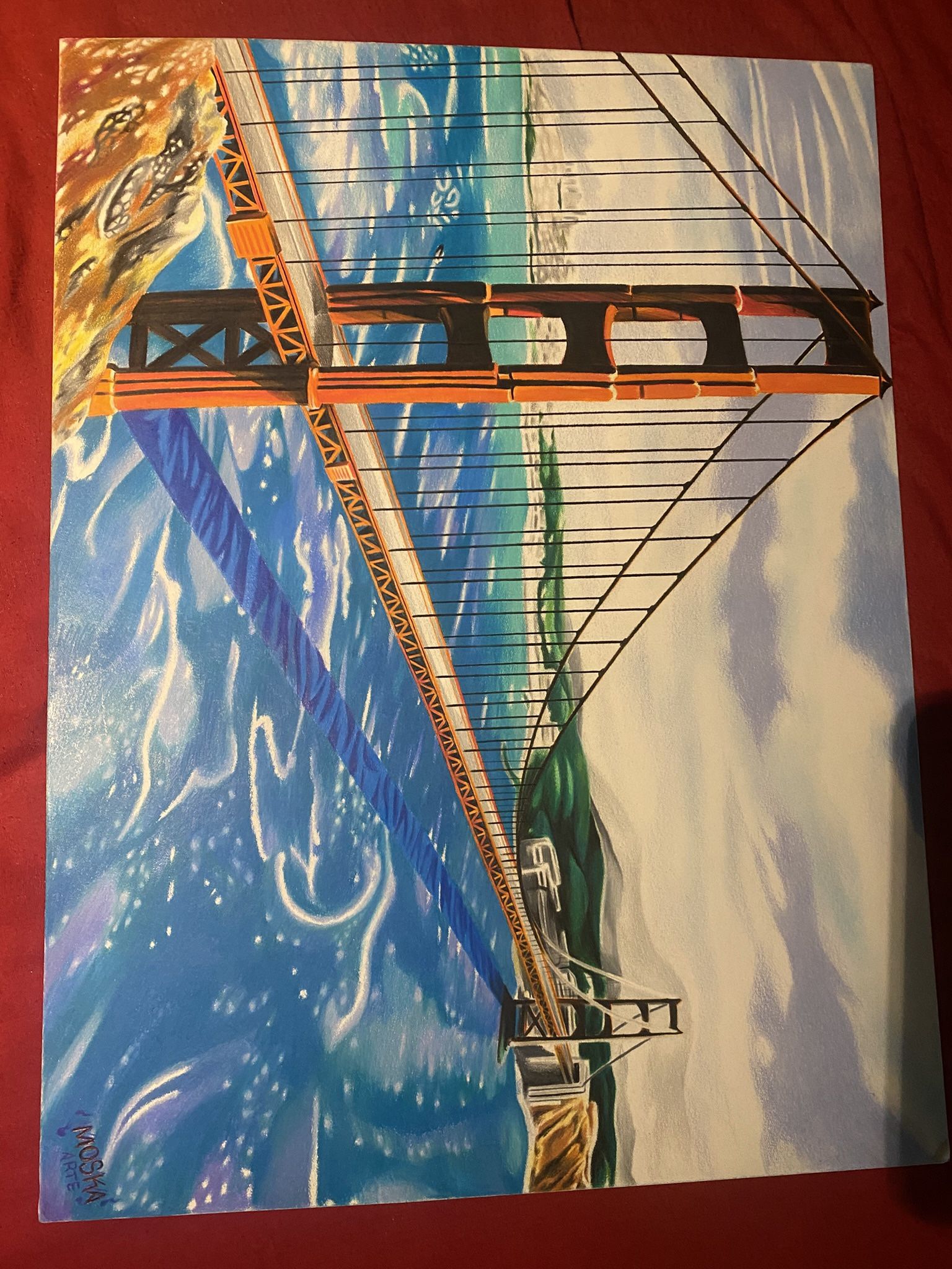 20x15 Golden Gate Bridge drawing very detailed with color
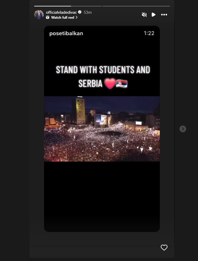 Divac je podijelio na svom instagram profilu poruke podrške studentima na engleskom kao i onu navijača Partizana da će izaći na ulice da fizički štite studente i protestante.
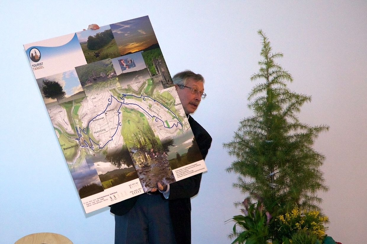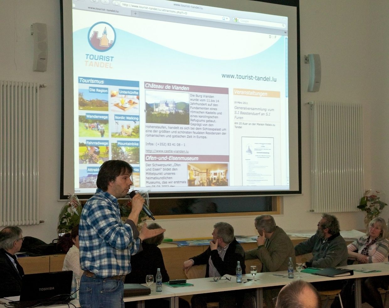 Fränk Coenjaerts und Pol Gleis stellten anschließend die von ihnen erstellte und sehr übersichtlich gestalltete neue Internetseite www.tourist-tandel.lu der beiden Syndikate der Tandeler Gemeinde vor, derweil Claude du Fays die neuen, von den beiden Vereinigungen entworfenen Wanderwege-Tafeln präsentierte.
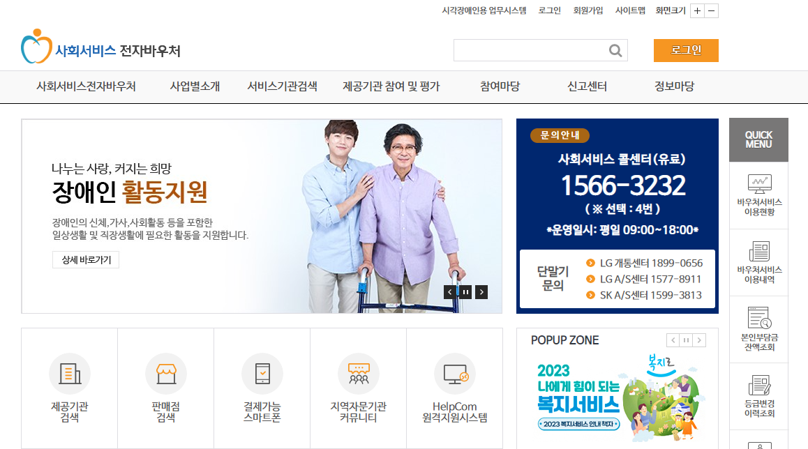 - 사회서비스전자바우처 홈페이지 이용자 편의성 향상을 위한 원격지원시스템입니다.
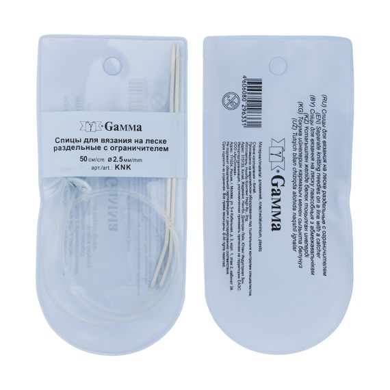 Спицы раздельные на леске "Gamma" KNK это специальный вид спиц для вязания, которые имеют две отдельные длинные спицы, соединенные гибким кабелем или леской. Они обеспечивают удобство при вязании круглых и трубчатых изделий, таких как носки, варежки или рукава свитеров.
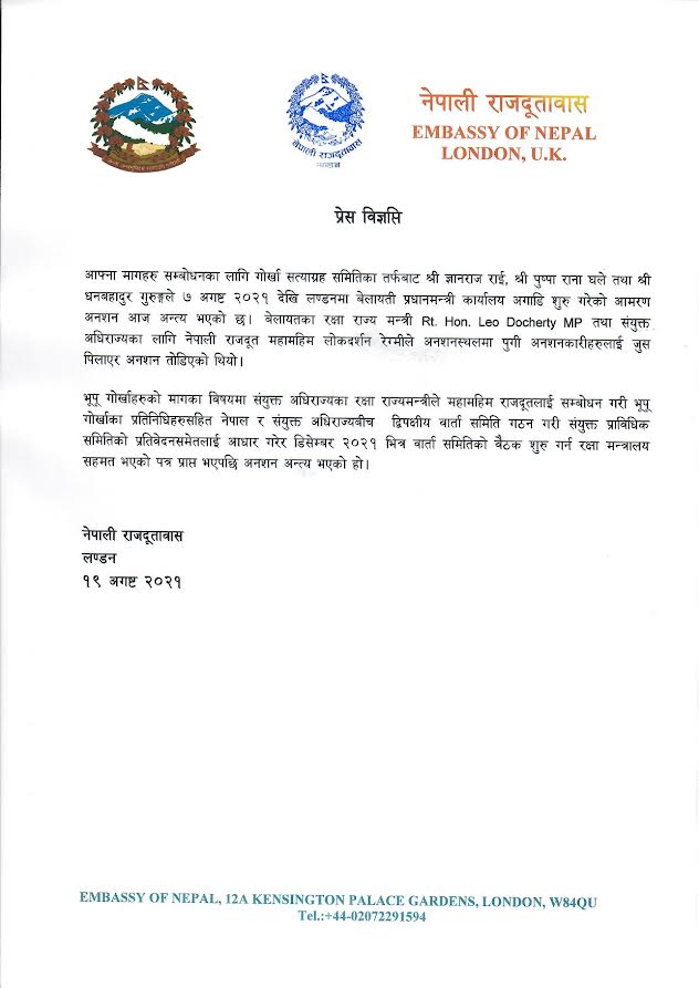 आफ्ना मागहरु सम्बोधनका लागि गोर्खा सत्याग्रह समितिका तर्फबाट श्री ज्ञानराज राई, श्री पुष्पा राना घले तथा श्री धनबहादुर गुरुङ्गले 7 अगष्ट २०२१ देखि लण्डनमा बेलायती प्रधानमन्त्री कार्यालय अगाडि शुरु गरेको आमरण अनशन आज अन्त्य भएको छ। बेलायतका रक्षा राज्य मन्त्री Rt. Hon. Leo Docherty MP तथा संयुक्त अधिराज्यका लागि नेपाली राजदूत महामहिम लोकदर्शन रेग्मीले अनशनस्थलमा पुगी अनशनकारीहरुलाई जुस पिलाएर अनशन तोडिएको थियो।
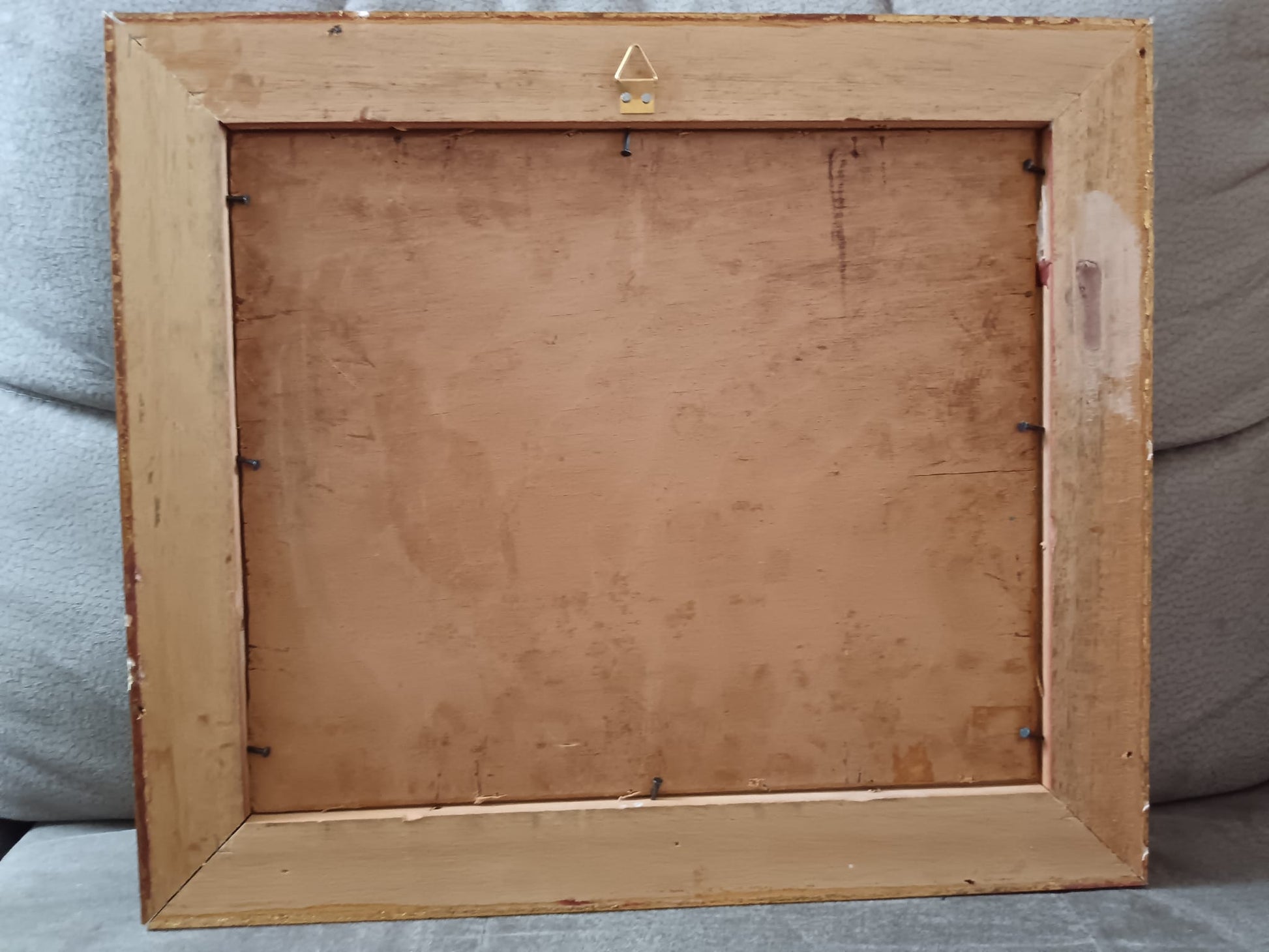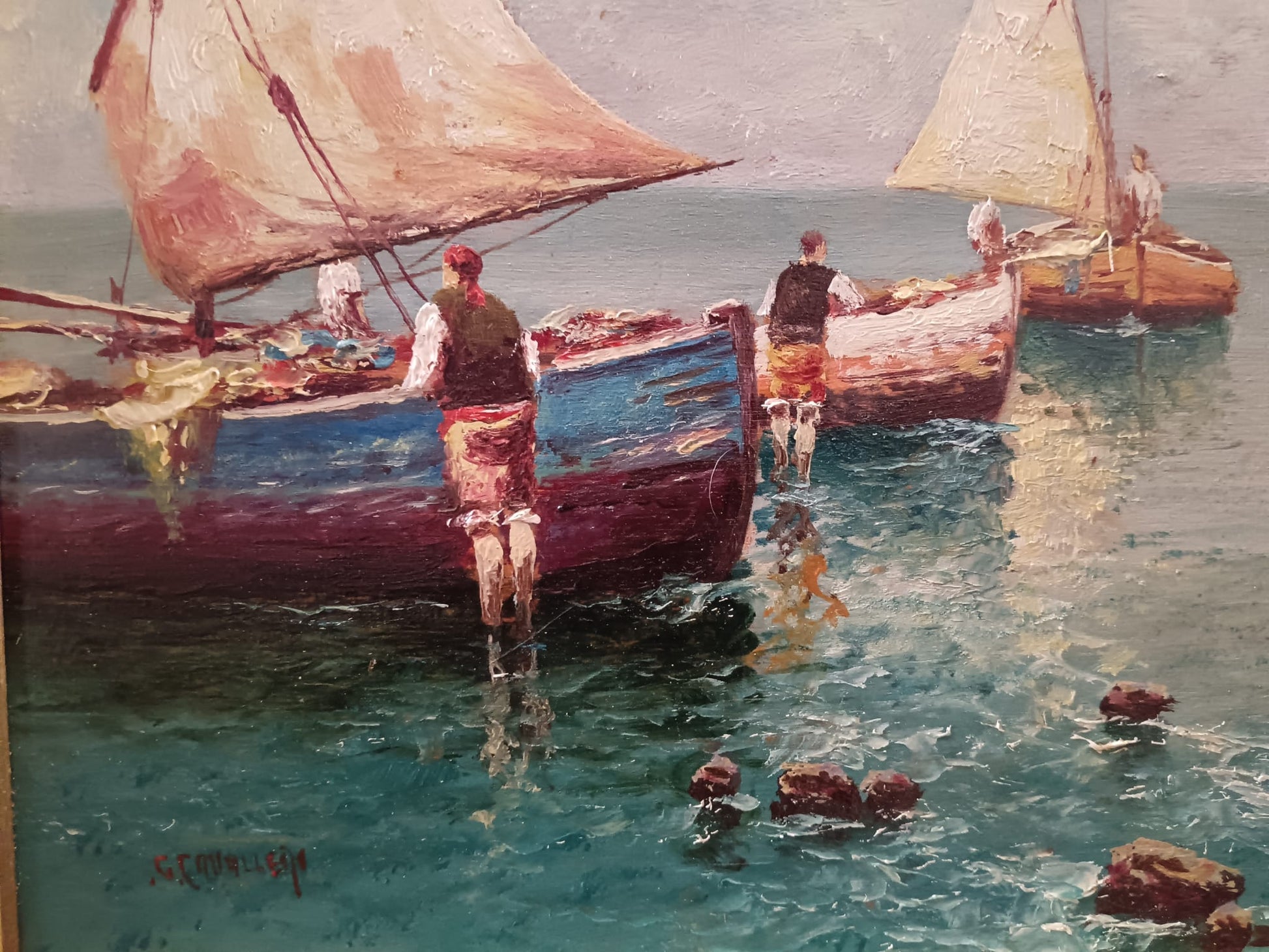 L'immagine mostra un dipinto incorniciato che raffigura un paesaggio marino con imbarcazioni a vela, caratterizzato da colori vivaci e una prospettiva che suggerisce il movimento del mare e delle vele.
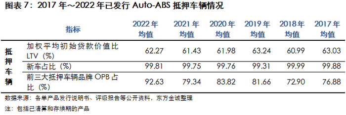 Auto-ABS产品基础资产绝大部分由借款人以汽车提供抵押担保,且抵押车辆以新车为主,加权平均初始贷款价值比(LTV)在60.00%~64.00%之间,抵押担保较充分,对产品到期兑付形成有利支撑;抵押车辆新车占比在99.00%以上。
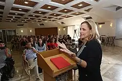 Matlin is actively involved with charitable organizations such as Easter Seals (where she was appointed an Honorary board member), the Children Affected by AIDS Foundation, Elizabeth Glaser Pediatric AIDS Foundation, VSA arts, and the Red Cross Celebrity Cabinet.[44] She has been a strong advocate for the rights of deaf people, accepting television roles only if producers commit to caption the films, remaining openminded and respectful of both signed and spoken communication preferences, and promoting telephone equipment specifically designed for deaf persons. She has testified before the Senate Committee on Labor and Human Resources in support of the establishment of the National Institute on Deafness and Communication Disorders. Matlin has also been active in the fight against AIDS, the "Victory Awards" for the National Rehabilitation Hospital, and other causes.[19] She is also a lifetime member of Hadassah Women's Zionist Organization of America.[45] Matlin has been a frequent guest narrator at Disney's Candlelight Processional at Walt Disney World.[46] Matlin received an honorary Doctorate of Humane Letters degree from Gallaudet University in 1987.[47][48][49] In 1988, Matlin received the Samuel S. Beard Award for Greatest Public Service by an Individual 35 Years or Under, an award given out annually by Jefferson Awards.[50][51] In 1991, Matlin received the Bernard Bragg Young Artists Achievement Award at the Annual International Creative Arts Festival sponsored by the Center on Deafness in Chicago.[19] Matlin was appointed by President Bill Clinton in 1994 as a member of the Board of Directors of the Corporation for National and Community Service and served as chair of National Volunteer Week.[52] Matlin was a participant in the first-ever national television advertising campaign supporting donations to Jewish federations. The program featured "film and television personalities celebrating their Jewish heritage and promoting charitable giving to the Jewish community" and included Greg Grunberg, Joshua Malina, Kevin Weisman, and Jonathan Silverman.[53]
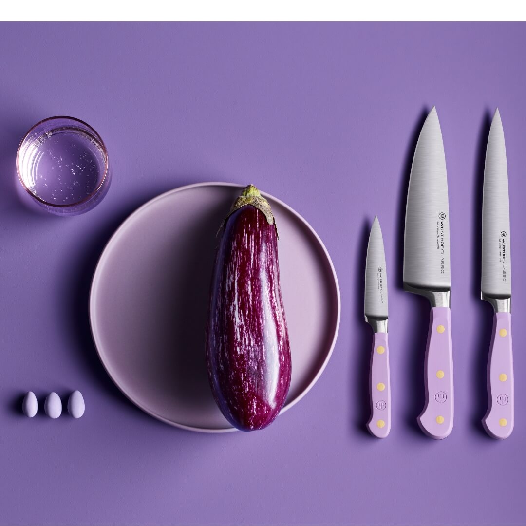 Available in seven gorgeous colourways, Wild Blueberry, Fresh Rosemary, Velvet Oyster, Tasty Sumac, Coral Peach, Purple Yam, and Himalayan Pink Salt. Because great knives should be as individual as the cook holding them. Choose the one that fits your kitchen (or your personality).
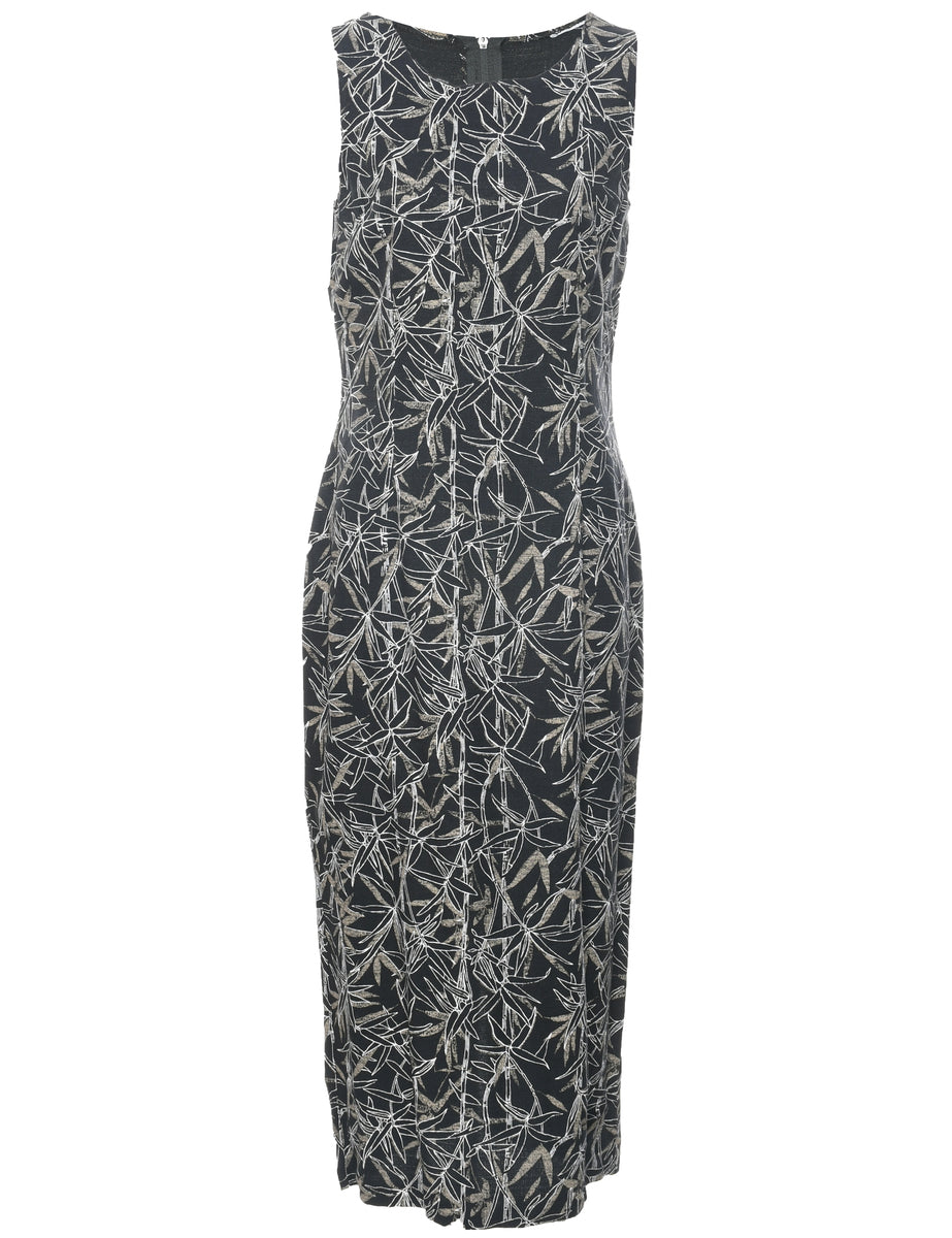Vintage Leafy Print Dress - M
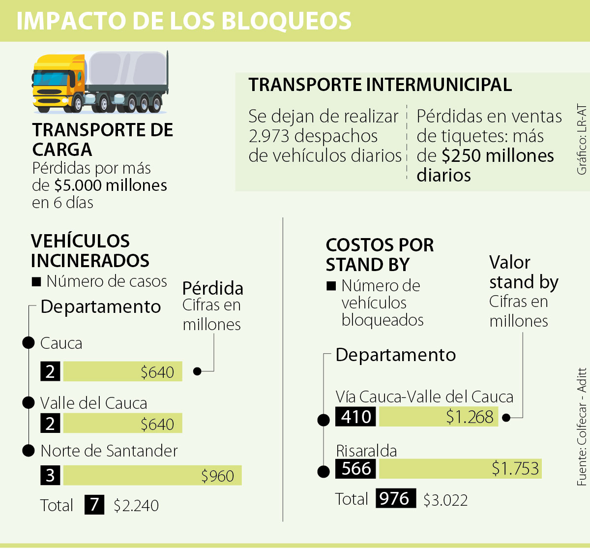 A esto se suman los costos stand by, es decir, lo que se deja de percibir cuando un vehículo está parado. Según Colfecar, la cifra llegó a $3.022 millones si se tienen en cuenta los bloqueos en la vía Cauca-Valle del Cauca y en Risaralda que afectan a 976 vehículos. De acuerdo con Juan Carlos Rodríguez, presidente ejecutivo del gremio, se pierden aproximadamente $600 millones diarios por cuenta de los bloqueos.

__Exercise details__
From the records above, quote word for word only the lines beginning at the line that has "Спицы раздельные на" and stopping after the line that has "Auto-ABS产品基础资产". Omit the pictures.

__Problem solution__
 Спицы раздельные на леске "Gamma" KNK это специальный вид спиц для вязания, которые имеют две отдельные длинные спицы, соединенные гибким кабелем или леской. Они обеспечивают удобство при вязании круглых и трубчатых изделий, таких как носки, варежки или рукава свитеров.
 आफ्ना मागहरु सम्बोधनका लागि गोर्खा सत्याग्रह समितिका तर्फबाट श्री ज्ञानराज राई, श्री पुष्पा राना घले तथा श्री धनबहादुर गुरुङ्गले 7 अगष्ट २०२१ देखि लण्डनमा बेलायती प्रधानमन्त्री कार्यालय अगाडि शुरु गरेको आमरण अनशन आज अन्त्य भएको छ। बेलायतका रक्षा राज्य मन्त्री Rt. Hon. Leo Docherty MP तथा संयुक्त अधिराज्यका लागि नेपाली राजदूत महामहिम लोकदर्शन रेग्मीले अनशनस्थलमा पुगी अनशनकारीहरुलाई जुस पिलाएर अनशन तोडिएको थियो।
 L'immagine mostra un dipinto incorniciato che raffigura un paesaggio marino con imbarcazioni a vela, caratterizzato da colori vivaci e una prospettiva che suggerisce il movimento del mare e delle vele.
 Auto-ABS产品基础资产绝大部分由借款人以汽车提供抵押担保,且抵押车辆以新车为主,加权平均初始贷款价值比(LTV)在60.00%~64.00%之间,抵押担保较充分,对产品到期兑付形成有利支撑;抵押车辆新车占比在99.00%以上。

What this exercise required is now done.